The multifunctional pipette is a medium throughput device that is in its current state of development in no reasonable way capable of high throughput superfusion. Although complicated sequences of solution exchange operations, pulsing, and washing steps can be performed autonomously with the help of the control software, the preparations for operation and positioning are still manual. Some hands-on experience is currently indispensable in order to position the pipette correctly with respect to the surface. A high degree of automation of single-cell experiments with a significant increase in throughput is in principle possible, if aspects such as automated tracking of the device tip, identification of suitable cells, and automated positioning are considered. This would require a deeper integration of the pipette controller with the microscope hardware, cameras, manipulators, and stage controllers. All of the hardware, as well as associated software libraries and drivers, exist in principle, but the many different types of microscopes and peripheral devices make a universal solution, which is of course highly desirable, very difficult. The most significant improvement in user-friendliness could be achieved through an automated protocol for correctly positioning the tip at the proper distance from the surface. Moreover, tracking of reagent consumption and detection of the fluid level in the vacuum (collection) wells are also high on the list of desirable features.

A higher degree of automation should also be of advantage in the fabrication of the pipette devices. Automatic sequences for continuous injection of prepolymer mixture, release from the master, punching, bonding, and cutting should be possible, and even the fabrication of the membrane should be possible to integrate into such an environment. The ongoing search for alternative elastomeric or hard polymer materials, which are supported by more conventional processing strategies, has so far prevented serious efforts in this direction. Semiautomatic steps, facilitating cutting and shaping of the pipette, are currently under investigation.

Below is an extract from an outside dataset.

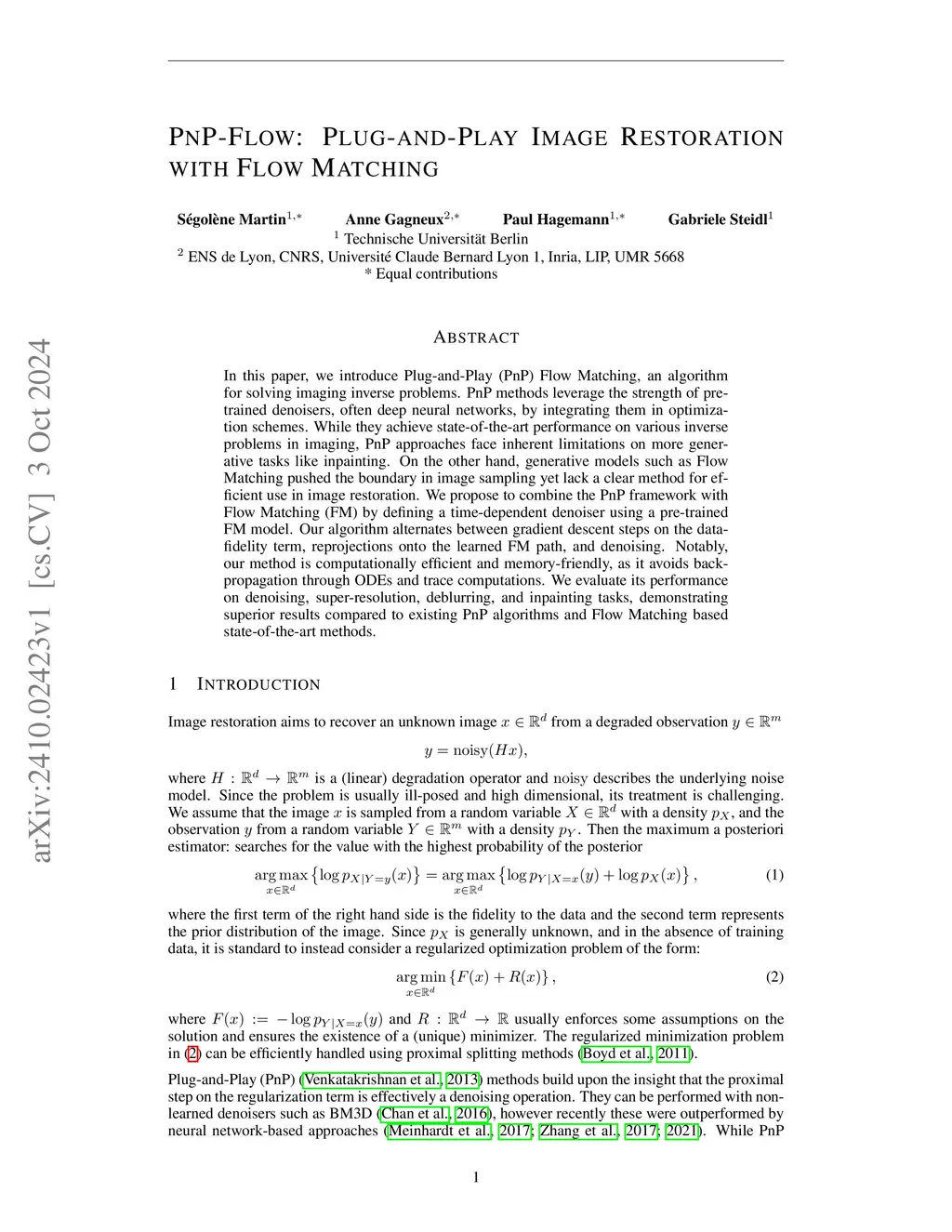 PnP-Flow: Plug-and-Play Image Restoration with Flow Matching

In summary, the multifunctional pipette has demonstrated its utility in various application contexts, leaving ample opportunity for extension, improvement, and integration with common research environments. The design idea of combining of the benefits of glass needles and microfluidic circuitry, while at the same time eradicating some of the drawbacks that hampered the application of open volume devices to adherent cells, was implemented with promising results. The direction of highest future technology potential is the possibility to collect and analyze the inflow in the device. This certainly goes hand in hand with on-chip sensor integration, more versatile flow switching, and, possibly, facile interfacing to very sensitive external analytical instrumentation. It is clear that the multifunctional pipette will benefit from the generally expected rapid progress in the development if miniaturized communication and data transfer technology, standardized and more abundant microfluidic and micromanipulation components and fabrication technologies, and engineering and manufacturing advances such as affordable 3D printing, which help building chip-interfaced and peripheral components. The pipette development has so far been a challenging, highly interesting transdisciplinary endeavor and will continue to be one for years to come.